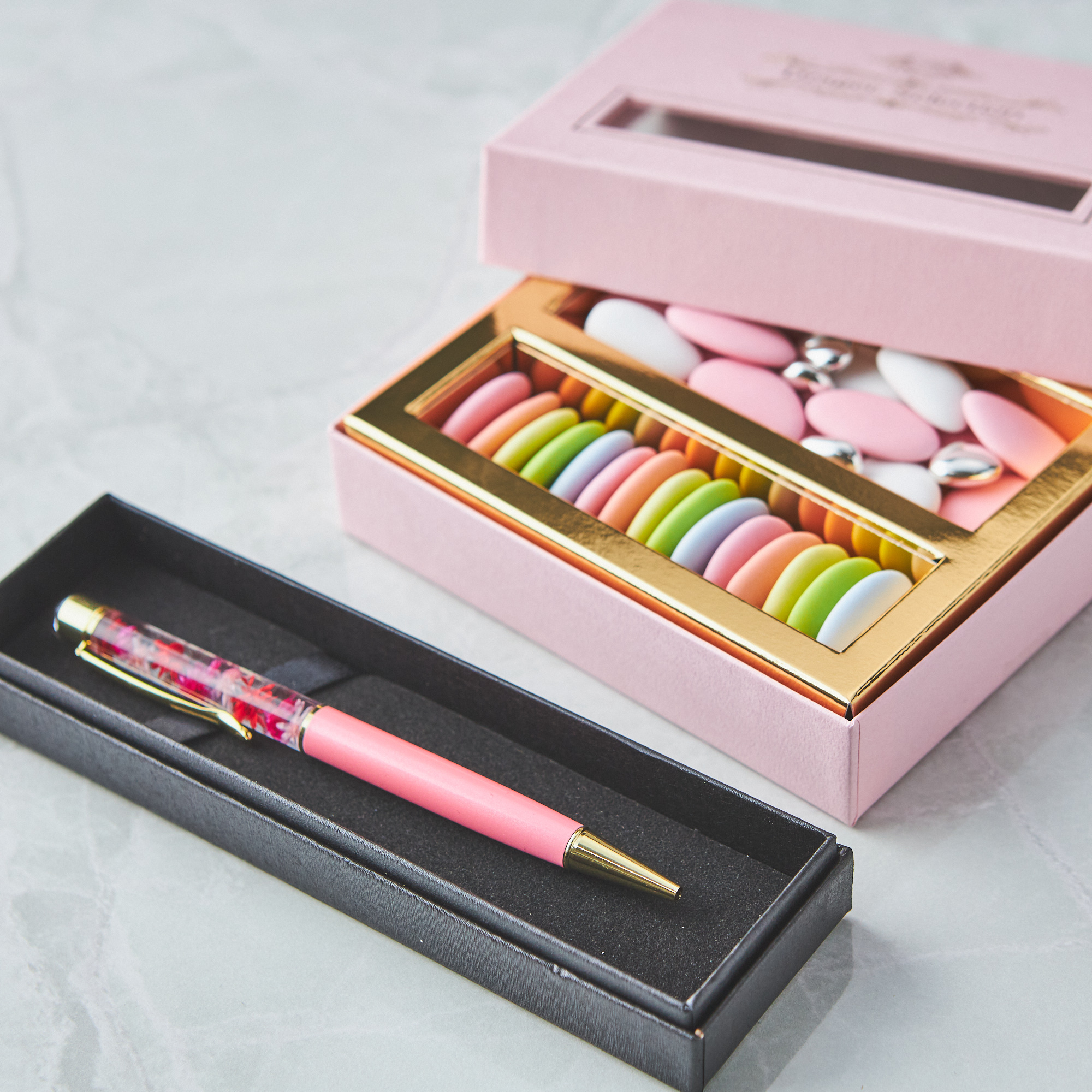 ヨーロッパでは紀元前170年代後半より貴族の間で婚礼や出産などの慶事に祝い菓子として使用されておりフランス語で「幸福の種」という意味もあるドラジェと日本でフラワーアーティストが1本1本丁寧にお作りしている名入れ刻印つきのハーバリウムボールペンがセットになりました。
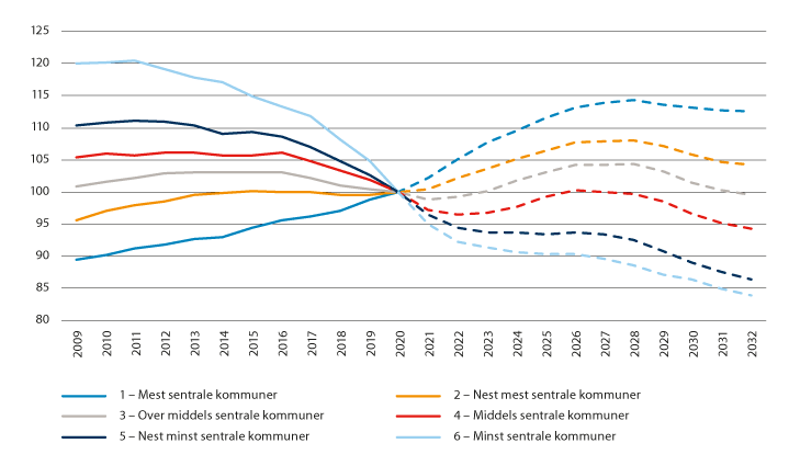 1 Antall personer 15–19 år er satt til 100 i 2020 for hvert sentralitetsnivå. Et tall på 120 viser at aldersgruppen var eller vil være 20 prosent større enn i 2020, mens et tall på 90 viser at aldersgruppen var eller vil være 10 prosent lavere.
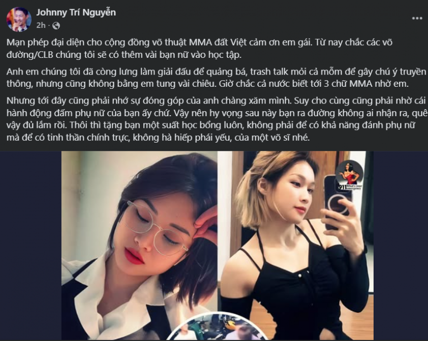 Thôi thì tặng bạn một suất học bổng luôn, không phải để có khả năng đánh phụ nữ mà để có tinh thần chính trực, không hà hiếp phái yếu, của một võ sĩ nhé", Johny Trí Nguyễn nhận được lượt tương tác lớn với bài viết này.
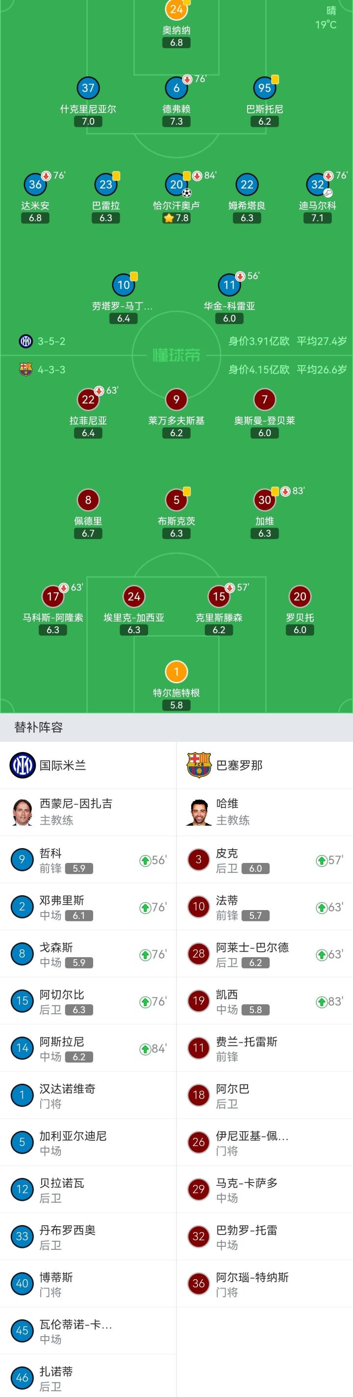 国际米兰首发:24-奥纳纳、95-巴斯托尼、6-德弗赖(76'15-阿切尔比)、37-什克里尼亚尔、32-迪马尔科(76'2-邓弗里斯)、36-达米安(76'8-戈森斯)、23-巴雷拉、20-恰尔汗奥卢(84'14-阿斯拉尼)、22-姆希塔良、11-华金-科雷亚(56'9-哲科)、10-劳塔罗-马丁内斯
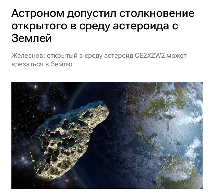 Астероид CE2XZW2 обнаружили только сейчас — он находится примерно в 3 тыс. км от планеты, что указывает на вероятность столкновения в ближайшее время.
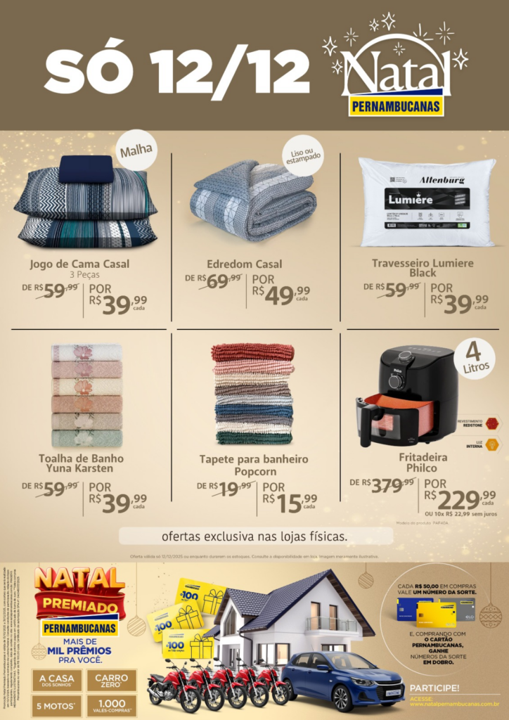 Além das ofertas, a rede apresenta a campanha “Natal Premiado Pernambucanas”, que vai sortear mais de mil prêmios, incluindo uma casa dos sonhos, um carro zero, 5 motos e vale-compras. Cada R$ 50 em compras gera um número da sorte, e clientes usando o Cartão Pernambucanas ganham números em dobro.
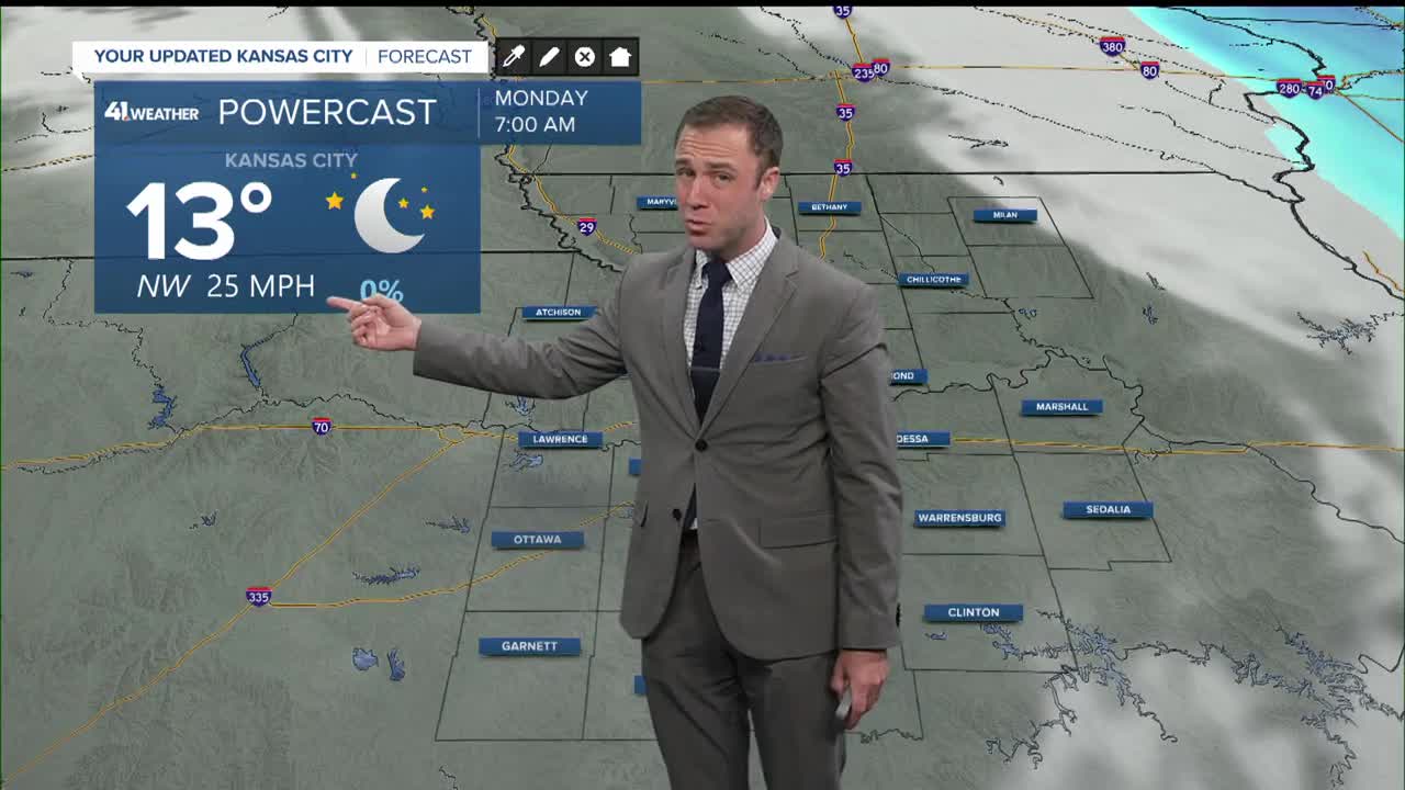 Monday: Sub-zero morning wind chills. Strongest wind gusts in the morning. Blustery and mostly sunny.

+-------+

*THE PROBLEM*
Reproduce exactly, with no pictures, the lines above from the one holding "1 Antall personer" to the one holding "Thôi thì tặng", inclusive.

*ANSWER FOR THE TASK*
 1 Antall personer 15–19 år er satt til 100 i 2020 for hvert sentralitetsnivå. Et tall på 120 viser at aldersgruppen var eller vil være 20 prosent større enn i 2020, mens et tall på 90 viser at aldersgruppen var eller vil være 10 prosent lavere.
 Thôi thì tặng bạn một suất học bổng luôn, không phải để có khả năng đánh phụ nữ mà để có tinh thần chính trực, không hà hiếp phái yếu, của một võ sĩ nhé", Johny Trí Nguyễn nhận được lượt tương tác lớn với bài viết này.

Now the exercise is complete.